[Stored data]
──────
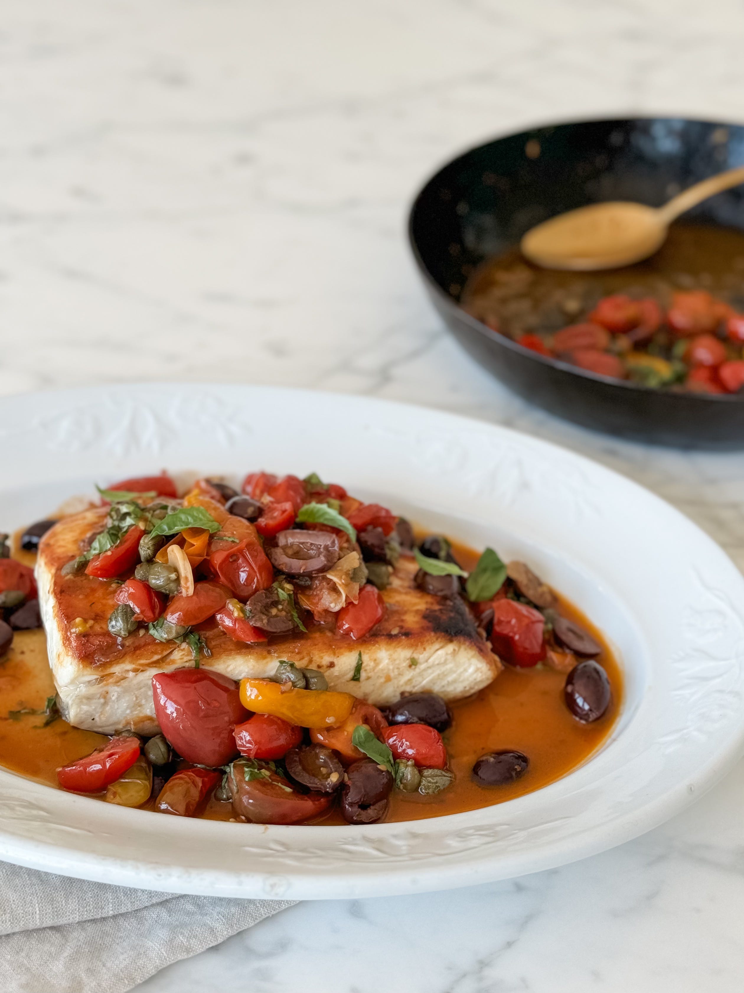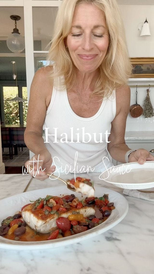 As promised, I’m back this week with a recipe for Seared Halibut with Sicilian Sauce. When we were in Sicily this summer, every restaurant served a Mediterranean white fish with their version of this sauce, essentially ripe tomatoes stewed with olives and capers. It feels like the essence of Italy, summer sunshine in a dish.
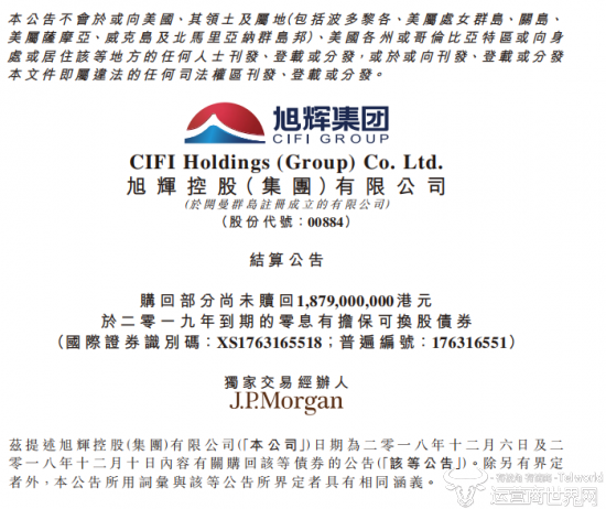 近日,旭辉集团发布公告称其将购回部分尚未赎回18.79亿港元于2019年到期的零息有担保可换股债券。具体情况如下:
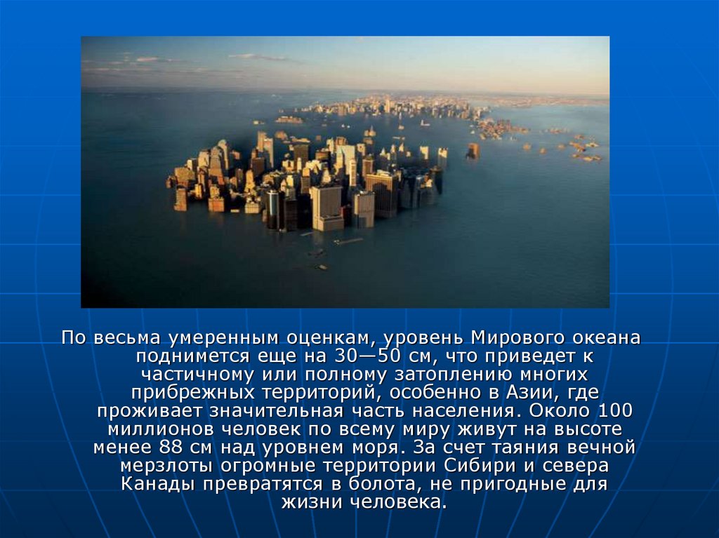 По весьма умеренным оценкам, уровень Мирового океанаподнимется еще на 30—50 см, что приведет к
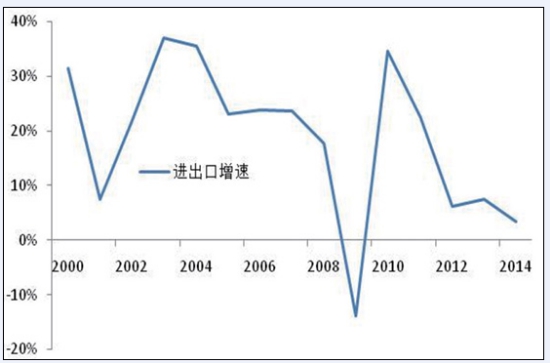 圖7 沿海地區(qū)(含北京)占全國(guó)GDP比重 2.對(duì)外貿(mào)易彈性下降,貿(mào)易伙伴多元化。 外貿(mào)保持穩(wěn)定增長(zhǎng),與經(jīng)濟(jì)彈性進(jìn)一步下降。在加入WTO的帶動(dòng)下,2000-2007年我國(guó)外貿(mào)進(jìn)出口總額保持了24.3%的年均增長(zhǎng)(如圖8所示),與 GDP的彈性系數(shù)高達(dá)2.25,明顯高出世界1.5的平均水平,成為世界重要經(jīng)貿(mào)大國(guó)。受到金融危機(jī)沖擊和全球貿(mào)易放緩的影響,面對(duì)國(guó)內(nèi)外復(fù)雜形勢(shì),2007-2014年我國(guó)對(duì)外貿(mào)易仍保持較快發(fā)展,外貿(mào)進(jìn)出口總額年均增速達(dá)到10.2%,國(guó)際貿(mào)易地位不斷提高,成為世界第一貨物貿(mào)易大國(guó)。隨著貿(mào)易依賴(lài)度的提高,進(jìn)出口彈性逐步下降,由2.25下降為1.16!笆濉逼陂g我國(guó)對(duì)外貿(mào)易發(fā)展將面臨更加復(fù)雜的國(guó)際環(huán)境,將逐步轉(zhuǎn)入平穩(wěn)發(fā)展階段,與 GDP的彈性下降為1.0,外貿(mào)進(jìn)出口總額增速保持在6.6%與GDP相當(dāng)?shù)乃健?BR> 貿(mào)易區(qū)域結(jié)構(gòu)不斷優(yōu)化,貿(mào)易伙伴保持多元化趨勢(shì)。隨著我國(guó)經(jīng)濟(jì)社會(huì)發(fā)展水平的提高,貿(mào)易呈現(xiàn)多元化發(fā)展趨勢(shì),特別是金融危機(jī)后,亞洲、歐洲和北美洲占貿(mào)易比重由2007年的89.6%逐步降為2014年的85.1%,美國(guó)、歐盟和日本所占比重由41.1%降為34.4%,而非洲、拉丁美洲所占貿(mào)易比重則由 8.1%上升為11.3%。隨著世界貿(mào)易格局的調(diào)整,以及我國(guó)“一帶一路”戰(zhàn)略的推進(jìn),對(duì)外貿(mào)易結(jié)構(gòu)將進(jìn)一步優(yōu)化,與東盟、非洲等海上絲綢之路沿線(xiàn)國(guó)家貿(mào)易比重進(jìn)一步上升。
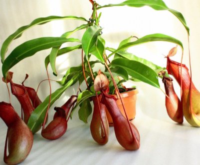 Тропическое растение, которое питается насекомыми. Растет в виде лианы, вырастая до 15 метров в длину. На лиане образуются листья, на концах которых отрастает по одному усику. В конце усика со временем формируется цветок в форме кувшина, который и используется в качестве ловушки. К слову, в этой природной чаше собирается вода, которую в природной среде обитания пьют обезьяны. За это оно получило еще одно название – «обезьянья чашка».
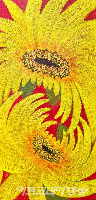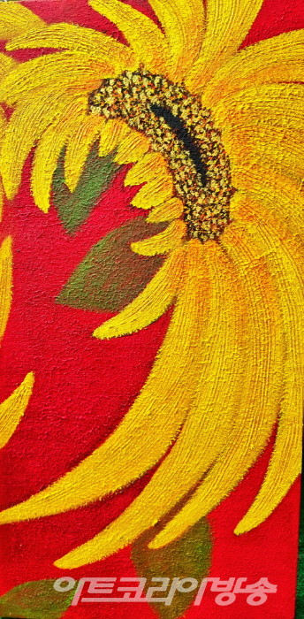 보았던 해바라기를 상상하며 관념적인 꽃그림을 표현하고 있는데 꽃잎을 더 크고 화려하게 만들어 시선을 모으고 있다. 태양의 핵심 상징인 열정과 빛나는 역동적인 힘 그리고 굳건한 희망을 표출하는데 심혈을 기울였다. 화면 중심으로 곡선의 힘 있는 움직임의 확장과 집중은 개인, 가정, 사회의 강건함을 기원했다. 노란색의 해바라기 본연의 색채에서 확장성 있는 주황과 주홍에 이르는 근접색을 활용하여 단조로움을 줄이고 열망과 열정으로 일상을 살아가려는 의지를 확고히 했다.
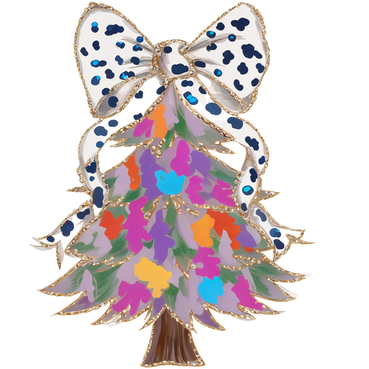 A vibrant, colorful Christmas tree adorned with a bold polka dot bow, featuring playful splashes of various hues.DTF Transfersdtf regular iron
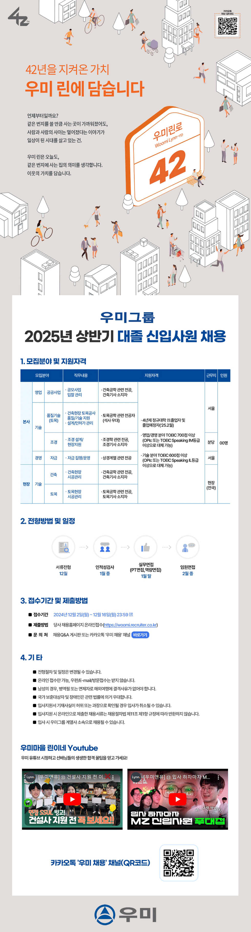[우미건설(주)] [우미그룹] 2025년 상반기 대졸 신입사원 채용 (마감일 : 12/16) - 건설취업 건설워커
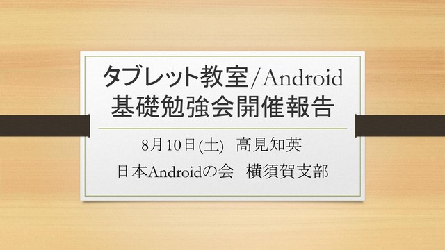 タブレット教室/Android 基礎勉強会開催報告 8月10日(土) 高見知英 日本Androidの会 横須賀支部
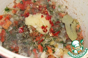 Добавить чеснок, лавровый лист, майоран и стручковый перец.
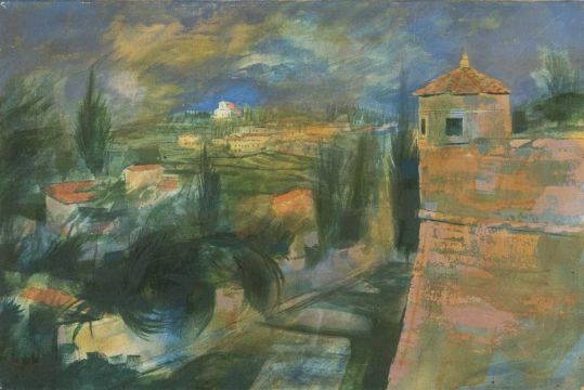 ‡ RONALD LOWE (British, 1932-1985) two oil paintings comprising oil on board - Tuscan landscape with cathedral, 56 x 76cms, oil on canvas, Tuscan landscape with distant church, 51 x 76cmsComments: unsigned, paint on Tuscan landscape with cathedral cracked and chipped
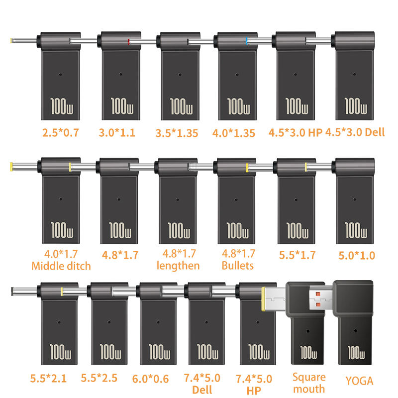 100W PD Type C เป็น DC แปลงแจ็คบาร์เรล USB C อะแดปเตอร์ตัวผู้เป็นตัวเมียสำหรับ Lenovo Dell แล็ปท็อปโทรศัพท์มือถือ
──────
• HOW TO COMPLETE THIS TASK:
I'd like every record transcribed exactly, with no pictures carried over.

• ANSWER TO THE PROBLEM:
 As promised, I’m back this week with a recipe for Seared Halibut with Sicilian Sauce. When we were in Sicily this summer, every restaurant served a Mediterranean white fish with their version of this sauce, essentially ripe tomatoes stewed with olives and capers. It feels like the essence of Italy, summer sunshine in a dish.
 近日,旭辉集团发布公告称其将购回部分尚未赎回18.79亿港元于2019年到期的零息有担保可换股债券。具体情况如下:
 По весьма умеренным оценкам, уровень Мирового океанаподнимется еще на 30—50 см, что приведет к
 圖7 沿海地區(qū)(含北京)占全國(guó)GDP比重 2.對(duì)外貿(mào)易彈性下降,貿(mào)易伙伴多元化。 外貿(mào)保持穩(wěn)定增長(zhǎng),與經(jīng)濟(jì)彈性進(jìn)一步下降。在加入WTO的帶動(dòng)下,2000-2007年我國(guó)外貿(mào)進(jìn)出口總額保持了24.3%的年均增長(zhǎng)(如圖8所示),與 GDP的彈性系數(shù)高達(dá)2.25,明顯高出世界1.5的平均水平,成為世界重要經(jīng)貿(mào)大國(guó)。受到金融危機(jī)沖擊和全球貿(mào)易放緩的影響,面對(duì)國(guó)內(nèi)外復(fù)雜形勢(shì),2007-2014年我國(guó)對(duì)外貿(mào)易仍保持較快發(fā)展,外貿(mào)進(jìn)出口總額年均增速達(dá)到10.2%,國(guó)際貿(mào)易地位不斷提高,成為世界第一貨物貿(mào)易大國(guó)。隨著貿(mào)易依賴(lài)度的提高,進(jìn)出口彈性逐步下降,由2.25下降為1.16!笆濉逼陂g我國(guó)對(duì)外貿(mào)易發(fā)展將面臨更加復(fù)雜的國(guó)際環(huán)境,將逐步轉(zhuǎn)入平穩(wěn)發(fā)展階段,與 GDP的彈性下降為1.0,外貿(mào)進(jìn)出口總額增速保持在6.6%與GDP相當(dāng)?shù)乃健?BR> 貿(mào)易區(qū)域結(jié)構(gòu)不斷優(yōu)化,貿(mào)易伙伴保持多元化趨勢(shì)。隨著我國(guó)經(jīng)濟(jì)社會(huì)發(fā)展水平的提高,貿(mào)易呈現(xiàn)多元化發(fā)展趨勢(shì),特別是金融危機(jī)后,亞洲、歐洲和北美洲占貿(mào)易比重由2007年的89.6%逐步降為2014年的85.1%,美國(guó)、歐盟和日本所占比重由41.1%降為34.4%,而非洲、拉丁美洲所占貿(mào)易比重則由 8.1%上升為11.3%。隨著世界貿(mào)易格局的調(diào)整,以及我國(guó)“一帶一路”戰(zhàn)略的推進(jìn),對(duì)外貿(mào)易結(jié)構(gòu)將進(jìn)一步優(yōu)化,與東盟、非洲等海上絲綢之路沿線(xiàn)國(guó)家貿(mào)易比重進(jìn)一步上升。
 Тропическое растение, которое питается насекомыми. Растет в виде лианы, вырастая до 15 метров в длину. На лиане образуются листья, на концах которых отрастает по одному усику. В конце усика со временем формируется цветок в форме кувшина, который и используется в качестве ловушки. К слову, в этой природной чаше собирается вода, которую в природной среде обитания пьют обезьяны. За это оно получило еще одно название – «обезьянья чашка».
 보았던 해바라기를 상상하며 관념적인 꽃그림을 표현하고 있는데 꽃잎을 더 크고 화려하게 만들어 시선을 모으고 있다. 태양의 핵심 상징인 열정과 빛나는 역동적인 힘 그리고 굳건한 희망을 표출하는데 심혈을 기울였다. 화면 중심으로 곡선의 힘 있는 움직임의 확장과 집중은 개인, 가정, 사회의 강건함을 기원했다. 노란색의 해바라기 본연의 색채에서 확장성 있는 주황과 주홍에 이르는 근접색을 활용하여 단조로움을 줄이고 열망과 열정으로 일상을 살아가려는 의지를 확고히 했다.
 A vibrant, colorful Christmas tree adorned with a bold polka dot bow, featuring playful splashes of various hues.DTF Transfersdtf regular iron
[우미건설(주)] [우미그룹] 2025년 상반기 대졸 신입사원 채용 (마감일 : 12/16) - 건설취업 건설워커
 タブレット教室/Android 基礎勉強会開催報告 8月10日(土) 高見知英 日本Androidの会 横須賀支部
 Добавить чеснок, лавровый лист, майоран и стручковый перец.
 ‡ RONALD LOWE (British, 1932-1985) two oil paintings comprising oil on board - Tuscan landscape with cathedral, 56 x 76cms, oil on canvas, Tuscan landscape with distant church, 51 x 76cmsComments: unsigned, paint on Tuscan landscape with cathedral cracked and chipped
 100W PD Type C เป็น DC แปลงแจ็คบาร์เรล USB C อะแดปเตอร์ตัวผู้เป็นตัวเมียสำหรับ Lenovo Dell แล็ปท็อปโทรศัพท์มือถือ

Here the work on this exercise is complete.